E a terra, só, na noite de cobalto,
cai de entre os astros na amplidão vazia.

Caimos todos nós. Cai esta mão.
Olha em redor: cair é a lei geral.

E a terna mão de Alguém colhe, afinal,
todas as coisas que caindo vão.

O Anjo
Com um mover da fronte ele descarta
tudo o que obriga, tudo o que coarta,
pois em seu coração, quando ela o adentra,
a eterna Vinda os círculos concentra.

O céu com muitas formas Ihe aparece
e cada qual demanda: vem, conhece -.
Não dês às suas mãos ligeiras nem
um só fardo; pois ele, à noite, vem

à tua casa conferir teu peso,
cheio de ira, e com a mão mais dura,
como se fosses sua criatura,
te arranca do teu molde com desprezo.

(Tradução: Augusto de Campos)

A Gazela

Mágico ser: onde encontrar quem colha
duas palavras numa rima igual
a essa que pulsa em ti como um sinal?
De tua fronte se erguem lira e folha

e tudo o que és se move em similar
canto de amor cujas palavras, quais
pétalas, vão caindo sobre o olhar
de quem fechou os olhos, sem ler mais,

para te ver: no alerta dos sentidos,
em cada perna os saltos reprimidos
sem disparar, enquanto só a fronte

a prumo, prestes, pára: assim, na fonte,
a banhista que um frêmito assustasse:
a chispa de água no voltear da face.

Ser amado é consumir-se na chama. Amar é luzir com uma luz inesgotável. Ser amado é passar; amar é durar.

Uma única coisa é necessária: a solidão. A grande solidão interior. Ir dentro de si e não encontrar ninguém durante horas, é a isso que é preciso chegar. Estar só, como a criança está só.

Vivo a minha vida em círculos cada vez maiores / que se estendem sobre as coisas. / Talvez não possa acabar o último, / mas quero tentar.

As obras de arte são de uma solidão infinita: nada pior do que a crítica para as abordar. Apenas o amor pode captá-las, conservá-las, ser justo em relação a elas.

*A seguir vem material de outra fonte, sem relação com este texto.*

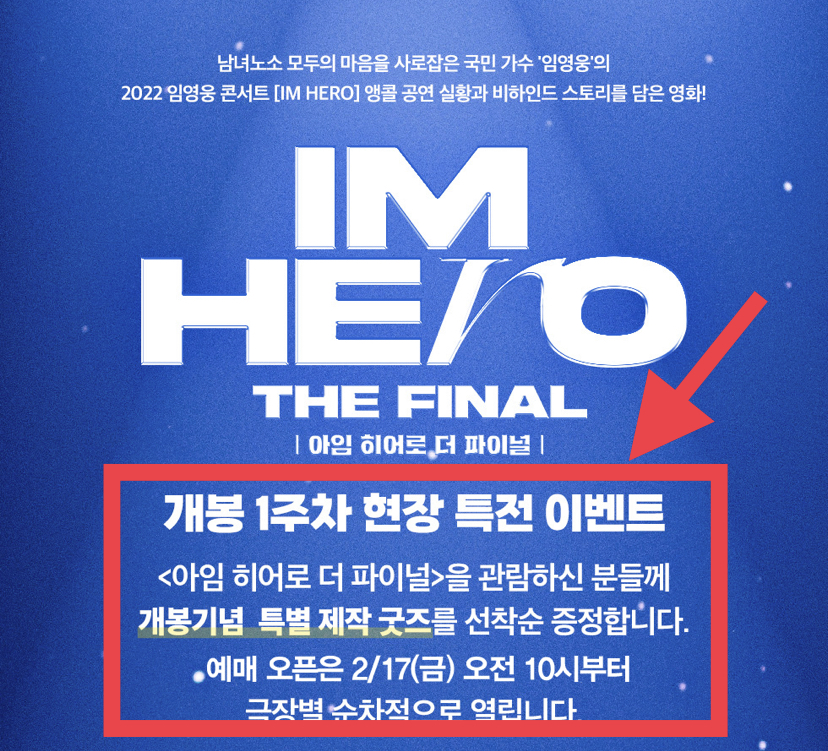 가수 임영웅의 영화 아임 히어로 더 파이널이 3월 1일 CGV 단독 개봉 합니다. 전국 투어 앵콜 공연인 IM HERO(2022.12.10-11, 고척스카이돔)를 담아낸 영화인 아임 히어로 더 파이널을 반드시 극장에서 봐야하는 이유는 콘서트의 생생한 현장은 물론이고 콘서트 준비 과정과 비하인드 스토리까지, 영웅시대와 함께한 첫 투어의 감동과 행복을 다시 한 번 느껴볼 수 있는 특별한 시간을 담아냈기 때문이라고 합니다. 그럼 임영웅 영화 아임 히어로 더 파이널 CGV 예매방법에 대해 자세히 알아보도록 하겠습니다.
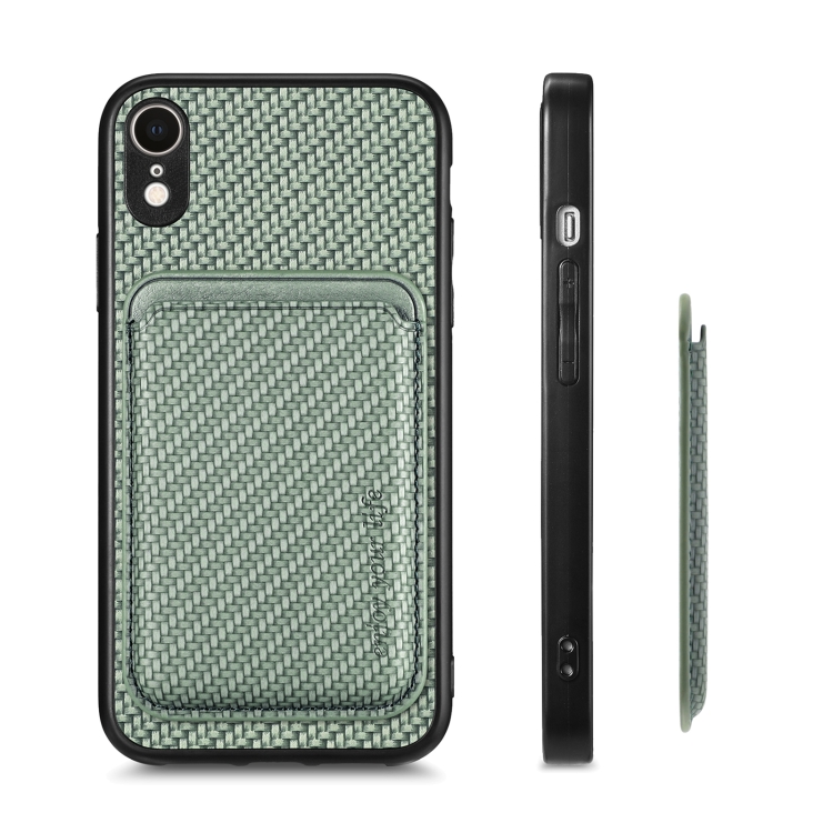 Funda Magnética para Teléfono iPhone Xr Tarjeta Cuero Fibra de Carbono Magsafe (Verde)
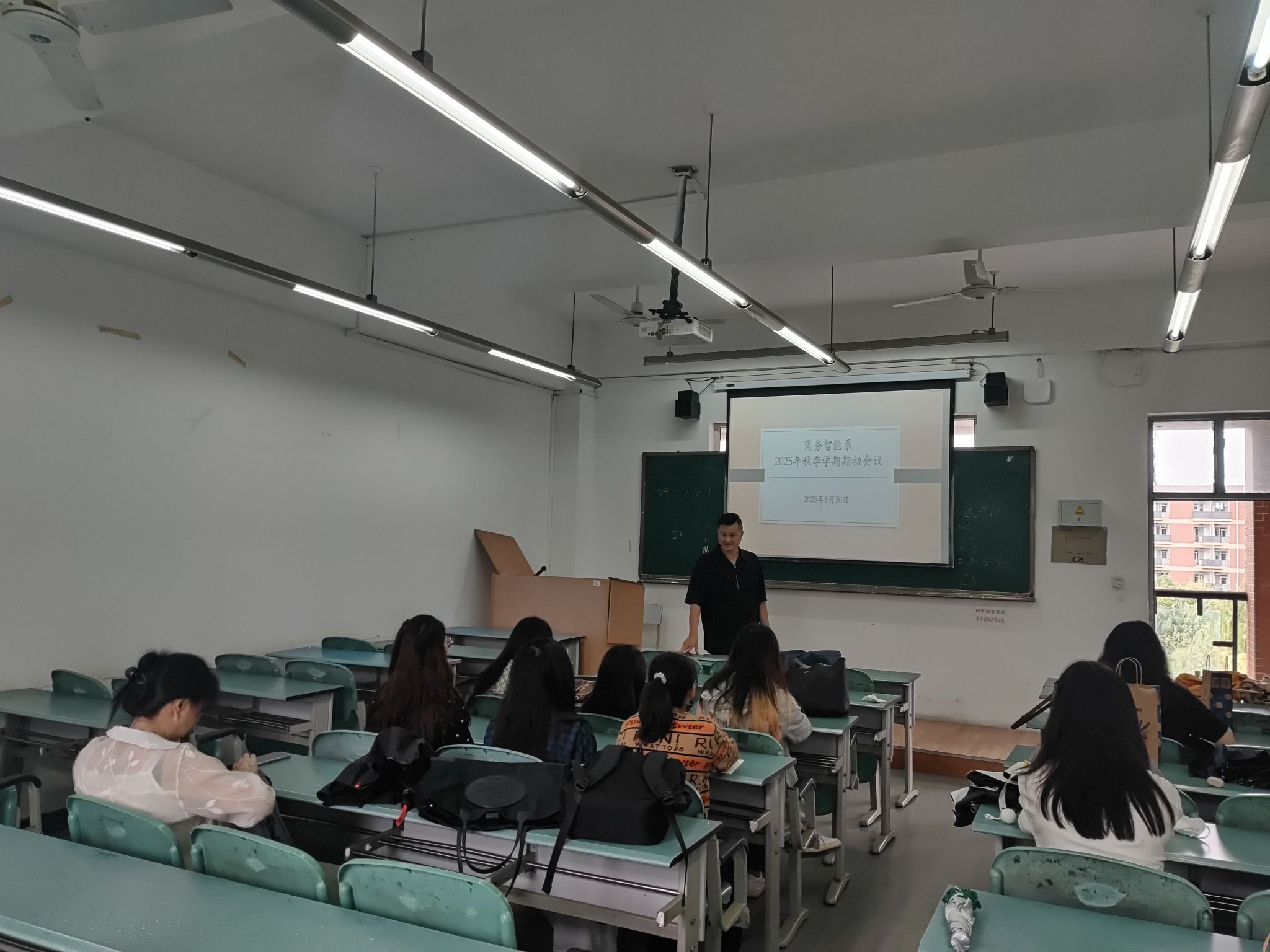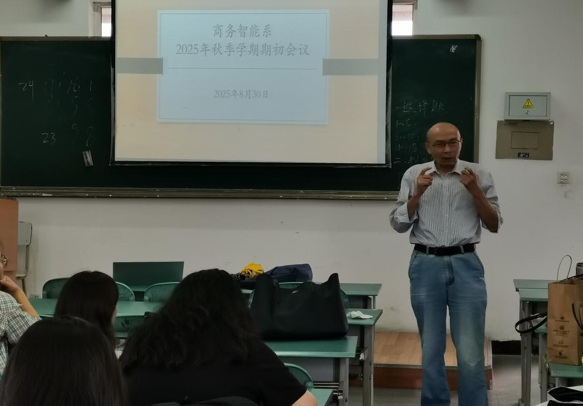 8月30日下午,现代服务管理学院商务智能系在绵阳校区3415教室召开新学期工作部署会,旨在统一教师思想认识,明确新学期的工作目标和关键绩效指标(KPI)。商务智能系全体教师参会,现代服务管理学院院长罗珉教授受邀出席,系主任杜民帅主持会议。
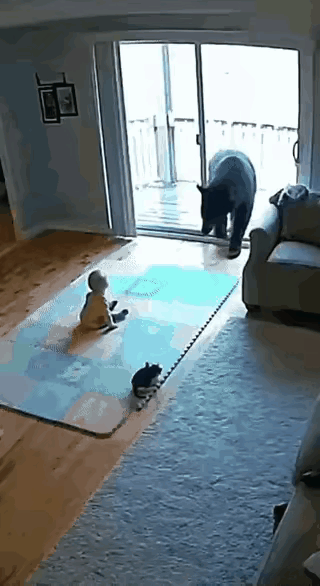 一个还不会走路的娃娃坐在门口,一头黑熊突然闯了进来。娃娃害怕的连连摆手,危机时刻身后的猫咪挺身而出,把小主人护在身后。或许黑熊以为这是一只缩小版的老虎,吓得落荒而逃。 网友评论: 小猫也害怕,它停顿了一下,但是为了小主人,它豁出了命也要冲在前,请以后善待这些小动物吧,大部分的小动物都是有灵性的 哎妈呀,太感动了,一个巴掌大的小毛孩子居然跳出来,保护我们人类的小娃娃,不是它不怕,而是它心里护主的一份爱呀 是监控摄像头拍下,绝非A1,为缩小版的“小老虎”点赞!
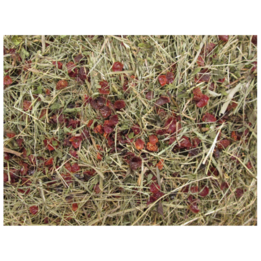 Aanvullende diervoeding van hooi met rozenbottel en mint.

Tudo quanto é velocidade não será mais do que passado, porque só aquilo que demora nos inicia.

As obras de arte são uma infinita solidão: nada as pode alcançar tão pouco quanto a crítica.

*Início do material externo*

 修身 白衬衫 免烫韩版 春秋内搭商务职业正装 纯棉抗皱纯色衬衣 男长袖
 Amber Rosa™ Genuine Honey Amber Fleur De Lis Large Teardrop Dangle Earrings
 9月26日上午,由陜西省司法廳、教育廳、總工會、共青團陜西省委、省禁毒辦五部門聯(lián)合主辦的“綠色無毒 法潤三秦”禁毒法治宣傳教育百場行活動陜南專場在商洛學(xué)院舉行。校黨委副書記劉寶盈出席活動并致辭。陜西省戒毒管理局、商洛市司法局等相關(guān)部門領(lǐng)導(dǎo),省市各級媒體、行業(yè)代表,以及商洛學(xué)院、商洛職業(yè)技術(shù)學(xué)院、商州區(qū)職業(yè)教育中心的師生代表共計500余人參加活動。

Os homens, com o auxílio das convenções, têm resolvido tudo com facilidade e pelo lado mais fácil da facilidade; mas é claro que precisamos ater-nos ao difícil.

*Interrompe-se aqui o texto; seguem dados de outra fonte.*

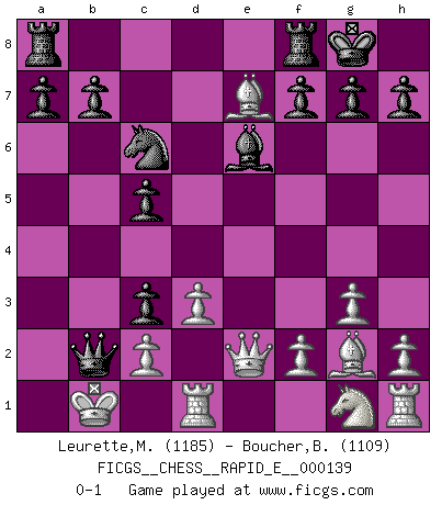 Last move : 0-1 2015 January 13 14:48:24 [Event "FICGS__CHESS__RAPID_E__000139"] [Site "FICGS"] [Date "2014.11.16"] [Round "1"] [White "Leurette,Marc-Antoine"] [Black "Boucher,Brice"] [Result "0-1"] [WhiteElo "1185"] [BlackElo "1109"] 1.e4 c5 2.Nc3 e6 3.g3 Nc6 4.Bg2 Nf6 5.d3 d5 6.exd5 exd5 7.Bg5 Be6 8.Qe2 Be7 9.O-O-O O-O 10.Kb1 d4 11.Ne4 Qa5 12.a3 Nxe4 13.Bxe7 Nc3+ 14.bxc3 dxc3 15.Ka1 Qxa3+ 16.Kb1 Qb2+ 0-1 Sicilian : Closed Queenside Castling by player White (move 9) Kingside Castling by player Black (move 9) Player Black won this chess game. Follow this game move after move (download)Your body has to be in top condition. Your Chess deteriorates as your body does. You can't separate body from mind. (Bobby Fischer) Konzentriere dich auf materielle Gewinne. Nimm, was dir dein Gegner gibt, ausser es gibt einen guten Grund der dagegenspricht. (Robert James Fischer) Un mal plan es mejor que no tener ningún plan. (Frank Marshall) On n'a jamais que l'âge auquel on a commence à jouer aux échecs car après on cesse de vieillir. (Capablanca) May the force be with you. (Han Solo in Star Wars ep.4)
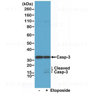 Figure 1: Western Blot of Jurkat cell lysate, untreated or treated with etoposide, using Anti-Caspase-3 Clone: RM250 at a 1:1000 dilution.
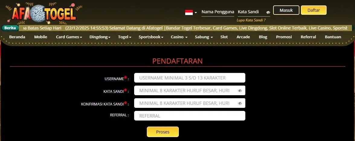 Langkah - langkah untuk membuat akun atau userID di AFATOGEL :
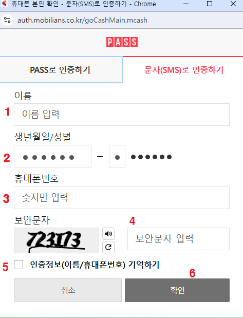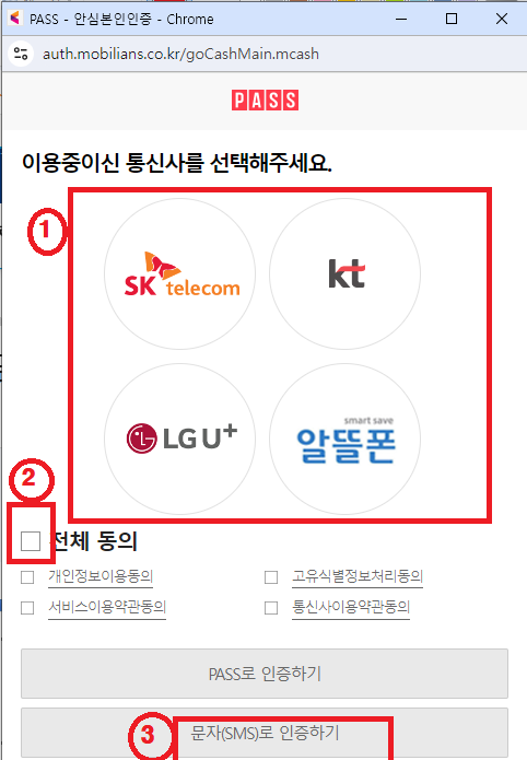 5. 1, 2, 3 순서대로 통신사와 동의 버튼을 누르시고 문자로 인증하기를 눌러줍니다.

Basta sentir que se poderia viver sem escrever para já não se ter o direito de fazê-lo.

O tempo não é uma medida. Um ano não conta, dez anos não representam nada. Ser artista não significa contar, é crescer como a árvore que não apressa a sua seiva e resiste, serena, aos grandes ventos da primavera, sem temer que o verão possa não vir. O verão há de vir. Mas só vem para aqueles que sabem esperar, tão sossegados como se tivessem na frente a eternidade.

Se o cotidiano lhe parece pobre, não o acuse: acuse-se a si próprio de não ser muito poeta para extrair as suas riquezas.

O amor é a ocasião única de amadurecer, de tomar forma, de nos tornarmos um mundo para o ser amado. É uma alta exigência, uma ambição sem limites, que faz daquele que ama um eleito solicitado pelos mais vastos horizontes.

Nada mais que possibilidades. Nada mais que desejos. E, de repente, ser realização, ser verão, ter sol.

Talvez todos os dragões nas nossas vidas são princesas que estão apenas à espera de nos ver agir, apenas uma vez, com beleza e coragem. Talvez tudo aquilo que nos assusta é, na sua essência mais profunda, algo desamparado que quer o nosso amor.